The sign changes of Fourier coefficients of self-adjoint forms is an important area of research in number theory. Professor Yingnan Wang and his collaborators have made progress on two projects in this field.
1.Paper Title:On the first sign change of Fourier coefficients of cusp forms
Professor Yingnan Wang, in collaboration with Associate Professor Guohua Chen of North China University of Water Resources and Electric Power and Professor Xujin Liu of the University of Hong Kong, has proposed a new method addressing the problem of the first sign change of Fourier coefficients for general holomorphic cusp forms of weight k and level N over GL(2). This method first constructs the Rankin-Selberg L-function of a general holomorphic cusp form using the form of the Fourier coefficients. Then, by leveraging the relationship between Eisenstein series of level N and Eisenstein series on the total modular group, it proves the analytic extension and functional equations of the Rankin-Selberg L-function constructed from the aforementioned form, thereby deriving relevant results regarding the first sign change of the Fourier coefficients. This method is equally applicable to the sign problem of Fourier coefficients for semi-integer-weighted holomorphic cusp forms. These research findings were recently published in the American Journal of Mathematics.
Full text link:
https://muse.jhu.edu/article/986597
2.Paper Title:On Signs of Fourier Coefficients on GL(n)

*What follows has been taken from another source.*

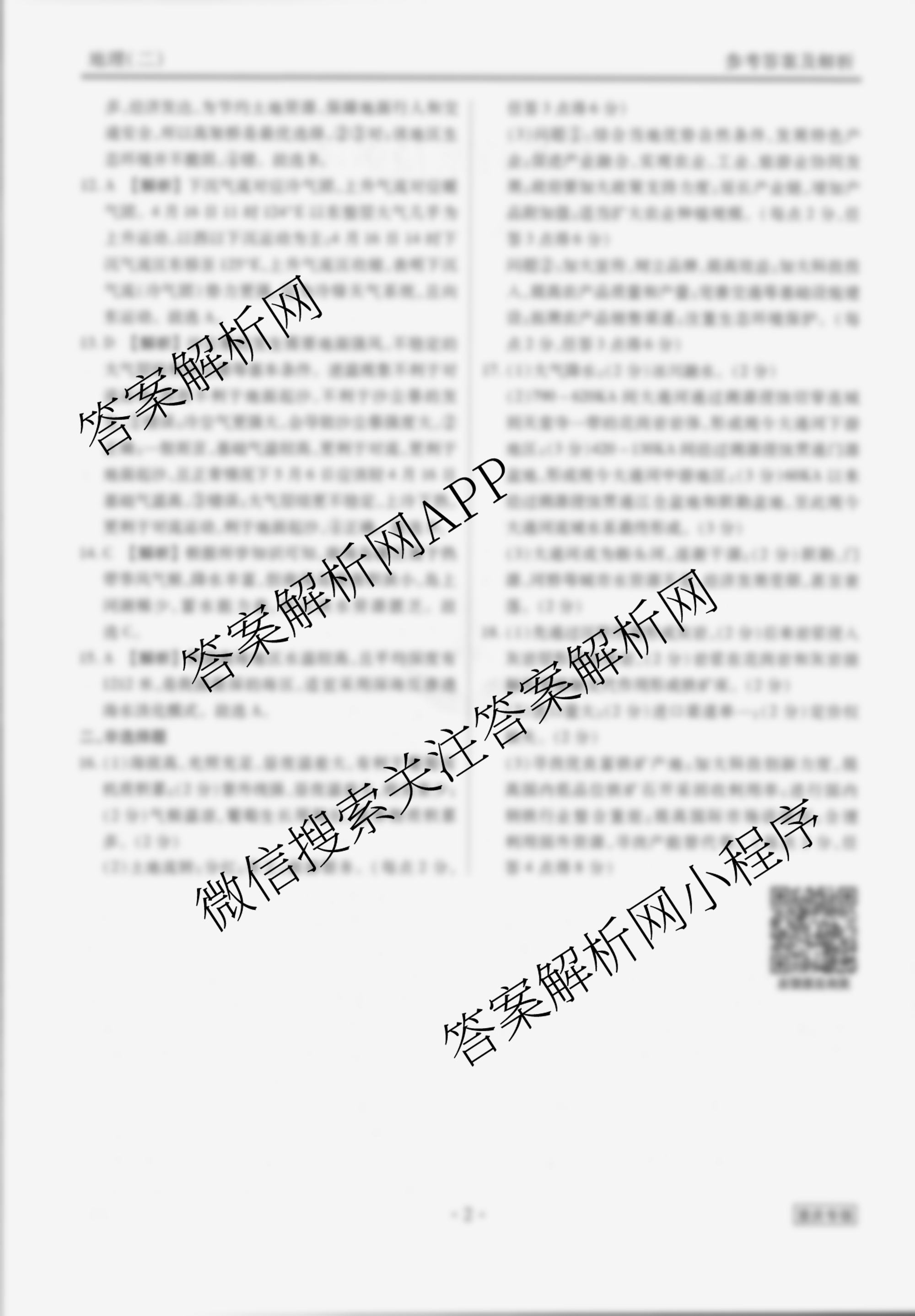 - (高三)(衡水金卷先享题)调研卷 2024年普通高中学业水平选择性考试模拟试题(二)2地理(湖北专版)答案

Professor Yingnan Wang, in collaboration with Associate Professor Didier Lesesvre of the University of Lille, France, and Dr. Minghao Wu of The Chinese University of Hong Kong, proved that for any n > 2, the proportion of Hecke-Maass cusp forms on GL(n) that satisfy the condition of having a positive density of sign changes in the sequence of real Fourier coefficients is at least 1-a, where a is an arbitrarily small positive real number; Furthermore, by using the vertical version of the Sato-Tate distribution formula with a residual term to replace the generalized Ramanujan conjecture, they unconditionally proved that the proportion of Hecke-Maass cusp forms on GL(n) with real Fourier coefficients and a sequence where the ratio of positive to negative numbers is constant is at least 1-b, where b is also an arbitrarily small positive real number. These research findings were published in “International Mathematics Research Notices.”
Full text link:
https://doi.org/10.1093/imrn/rnaf381
Biography:
Yingnan Wang is a professor and doctoral advisor at the School of Mathematical Sciences, Shenzhen University. He received his bachelor’s and master’s degrees from Shandong University and his Ph.D. from the University of Hong Kong. His research focuses on analytic number theory, specifically on automorphic forms and automorphic L-functions. His research findings have been published in journals such as the American Journal of Mathematics, Advances in Mathematics, and International Mathematics Research Notices.